In this tutorial, we will learn about the base R function duplicated() and how can we use duplicated() function to find if an element in a vector is duplicated or a row in a dataframe is duplicated. duplicated() function can take a vector, matrix or a dataframe as input and give us boolean or logical vector telling if it duplicated or not.
Find Duplicate elements in a vector with duplicated()
Let us create some data vector with duplicates. Here we use sample() function to get bootstrapped samples with replacements.
set.seed(123) x <- sample(10,10, replace=TRUE)
We can see that our data vector contains multiple duplicates. Basically first and second elements are duplicated , fifth and eighth elements are duplicated and third and 10th elements are duplicated.

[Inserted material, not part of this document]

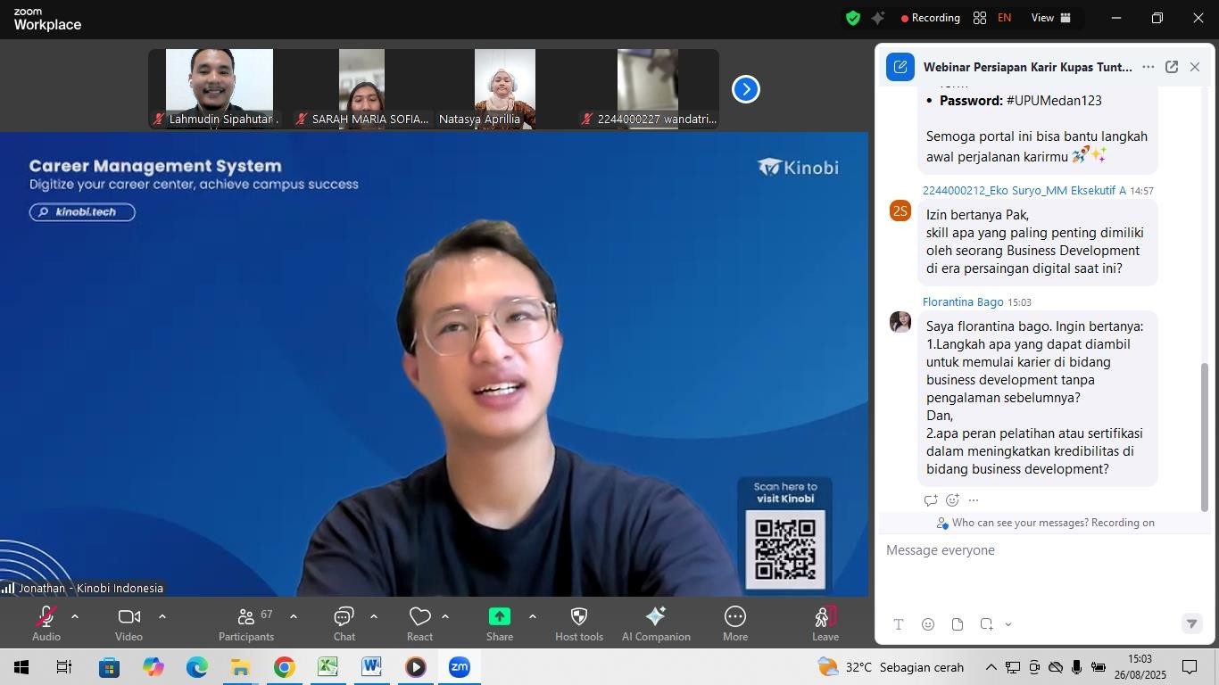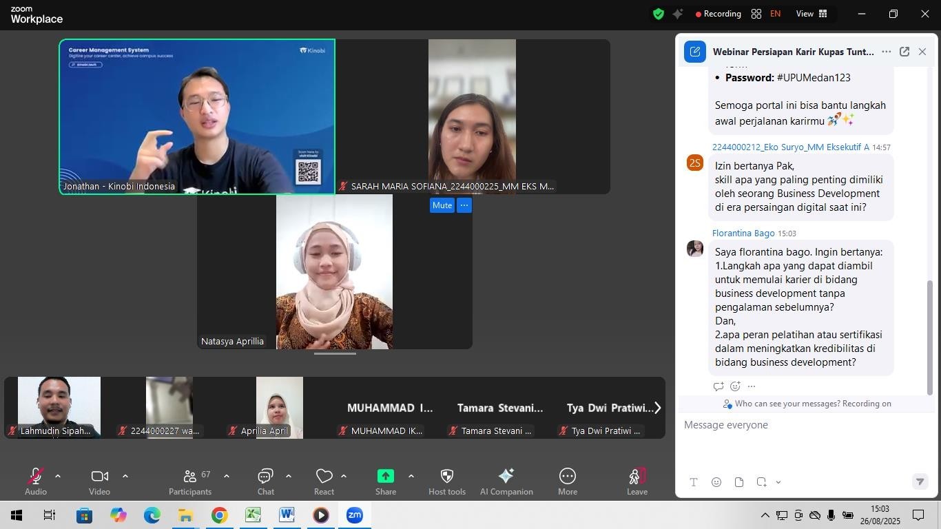 Webinar berjudul "Kupas Tuntas Rahasia Sukses Meniti Karir Sebagai Profesional Business Development" yang telah dilaksanakan pada tanggal 26 Agustus 2025. Acara ini dirancang khusus untuk Mahasiswa aktif Alumni dan guna memberikan pemahaman mendalam tentang langkah-langkah strategis dan kiat sukses dalam membangun karir yang cemerlang di bidang Business Development. Peserta akan diajak untuk memahami peran penting seorang Business Development Professional, mulai dari pengembangan keahlian, membangun relasi bisnis yang kuat, hingga menerapkan metode efektif dalam mencari peluang dan mengelola prospek. Melalui sesi yang interaktif dan berbagi pengalaman dari narasumber berpengalaman, webinar ini bertujuan untuk membekali peserta, baik mahasiswa maupun alumni, dengan pengetahuan praktis yang dapat langsung diterapkan dalam perjalanan karir mereka di dunia bisnis yang kompetitif.

x ## [1] 3 3 10 2 6 5 4 6 9 10
We can use duplicated() function to identify duplicated elements. duplicated() function on the vector gives us boolean vector with TRUE values where there is duplicated elements.
duplicated(x) ## [1] FALSE TRUE FALSE FALSE FALSE FALSE FALSE TRUE FALSE TRUE
Here we use which() function identify the indices of boolean vector where there is TRUE values. This gives us the indices of duplicated index.
which(duplicated(x)) ## [1] 2 8 10
By default, duplicated() function identifies duplicated elements from first element. With fromLast=TRUE argument, we can identify duplicated elements from last. Here is example with fromLast=TRUE on the same data.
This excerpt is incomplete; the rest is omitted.